Après le low-cost de moindre qualité, le low-cost en grande quantité, le low-cost sur palettes ou le low-cost glamour (pas cher mais toujours à la mode), place au low-cost à l’esthétique «low». Moins cher car moins beau. Le filon n’est pas prêt de s’épuiser.

Jouer sur une apparence «en rupture» n’est pas une mauvaise idée. D’une part, parce que tous les consommateurs ne sont pas guidés par des préoccupations esthétiques. D’autre part, parce ce que ce qui échappe aux normes est aujourd’hui recherché et valorisé car vécu comme un signe d’authenticité, de rusticité et de naturalité.

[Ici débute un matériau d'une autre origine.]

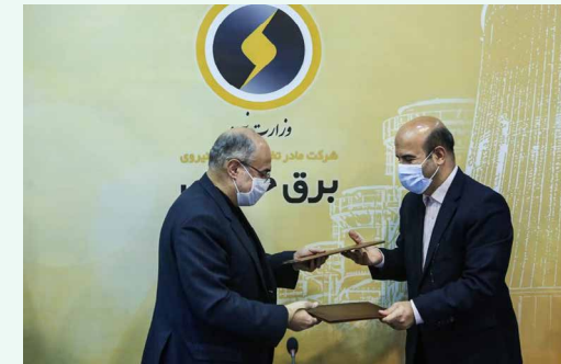
میان شرکت برق حرارتی و فراب؛

مدیرعامل شرکت برق حرارتی افزود: با احداث این واحد بخار سالانه بیش از ۱۹۰ میلیون مترمکعب در مصرف سوخت گاز طبیعی نیز صرفه‌جویی خواهد شد.

Les vertus du moche ont de quoi séduire toutes les populations aux penchants bobo.

La presse ne cesse, depuis quelques semaines, d’évoquer le phénomène du «normcore» : paraître banal, quand tout le monde cherche à se construire un style et à s’attribuer une attitude. Une nouvelle normalité est en route. Le moche est du voyage.

Big Book

C’est une page de l’histoire de France de la consommation qui vient d’être tournée. Le catalogue des 3 Suisses, né en 1932, n’est plus. La fin d’une époque. Deux fois par an, les Français l’attendaient avec impatience. L’édition printemps-été 2014 des 3 Suisses sera donc la dernière. Avis aux amateurs de vintage et de collectors. Un pavé de 930 pages, édité à près de 8 millions d’exemplaires…

A bien y regarder, le catalogue, qui fit les beaux jours du commerce français, portait en lui ce qui ferait, plus tard le succès du e-commerce.

Facile d’accès. Posé sur un bureau, une table basse ou un fauteuil. Dans le salon ou la cuisine. Universel, doté d’une offre riche au sein de laquelle chacun pouvait, selon ses centres d’intérêt, ses envies, sa curiosité, trouver des idées, des sources d’inspiration… et même comparer les prix avec les offres du commerce réel. Le catalogue savait aussi produire du lien social. Il n’était pas rare qu’il suscite des échanges en familles, voire des « réunions catalogue » informelles. Une manière d’éprouver le réel, de trouver de l’inspiration sans bouger de chez soi…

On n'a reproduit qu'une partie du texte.